We had been given ice axes and as the hike got steeper, began using them as walking sticks, digging them into snow to help us maintain our balance. Throughout the hike, the weather and our body temperatures were continuously in flux, so we were constantly taking off and putting on layers. At times I donned a zip up and two jackets, and at other points I was hiking in only my tank top.

Trekking

We stopped every hour to rest, refuel, and take in the views. It was a perfect day, and the few clouds that were present only enhanced the skyline. At one point, we took a break beside the mouth of a former ski lift, which was all that remained after the rest of the lift was swallowed by an eruption in the 70s. This only made me more eager to arrive at the mouth of the volcano; after all, at this point its smoke was in full view, a clear invitation to meet it at the top.

Halfway there and already above the clouds

Eventually, we were only 300 meters from the top!  By this point, my legs were sufficiently burning and the volcano was almost entirely covered in ice. Our group paused on the slope of the volcano to take out helmets and crampons (ice shoes) from our backpack, which the guides helped us put on. By this time, a handful of our group members had fallen back to a slower pace with a few guides, and as I looked around at our shrunken group, I noticed it was just me and the boys. 

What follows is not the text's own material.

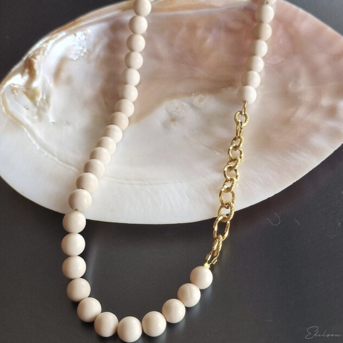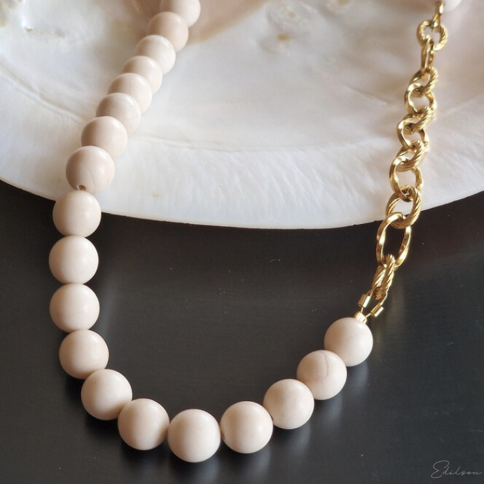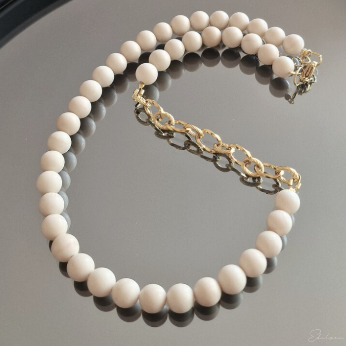 Wykonany ręcznie krótki naszyjnik z kamieni rzecznych w odcieniu subtelnego beżu, przywołującego na myśl ciepły, delikatny nadmorski piasek.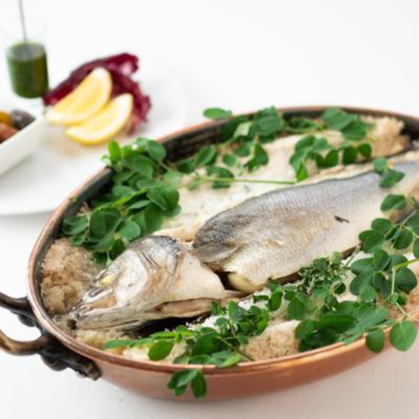 塩の衣でオーブン焼きした丸ごとスズキ | テーブルサイドで提供されるフィレ2切れに、ローストローズマリーポテトとハーブソースを添えて

Getting fitted with the crampons

At this point, the incline had steepened to a near vertical angle and I knew I would have to dig deep for the remainder of the hike. I forced myself to just think about one step at a time, and for some reason, had Imagine Dragons' "Radioactive" on repeat in my head, which helped push me along. The last twenty minutes were by far the most strenuous part of the entire climb, and it took every last bit of energy to push myself forward. Then finally, after five long hours, we had made it to the top!

View from the top 


It was such an incredibly rewarding feeling to get to the peak. The sensation was heightened by our ability to look into the volcano's mouth and see the smoke flowing out. We ate some food and rested with the volcano as our backdrop and a beautiful landscape ahead. Then, after walking halfway around the peak, it was time to head back down. The first 45 minutes of our descent passed in a similar fashion as the way up. This time, though, we had to dig our crampons in a little deeper to ensure we wouldn't fall forward on the frighteningly steep slope. A few people did fall down during this part of the journey, but the guides urgently instructed them to their feet so they would not slide farther down the ice.

Finally, when the icy parts were behind us, we got to put away our crampons and take out a "bum guard" and "bum sled." We clasped the guard around our waists and then tied the sled (which looked like an enlarged bendable pan) to our backpacks. At that point, we were able to slide our way down the remainder of the volcano, using the heels of our boots and our ice axes to steer us. At some points of the descent, our backsides were hurting quite a bit. But at the points where the surface was smoothest, it made for a very fun ride to the bottom.

By 6 o'clock, we were back in our hostel and pleasantly drained from the events of the day. We took much needed showers and then went into town for a well-deserved meal. Once we finished dinner, we went back to our hostel to get our belongings. Then, we headed to the bus terminal to get on a 10-hour night bus to Santiago. It may not have been that wise to take a long bus ride right after such a strenuous journey. However within minutes, exhaustion from they day's adventure took hold, and I was fast asleep.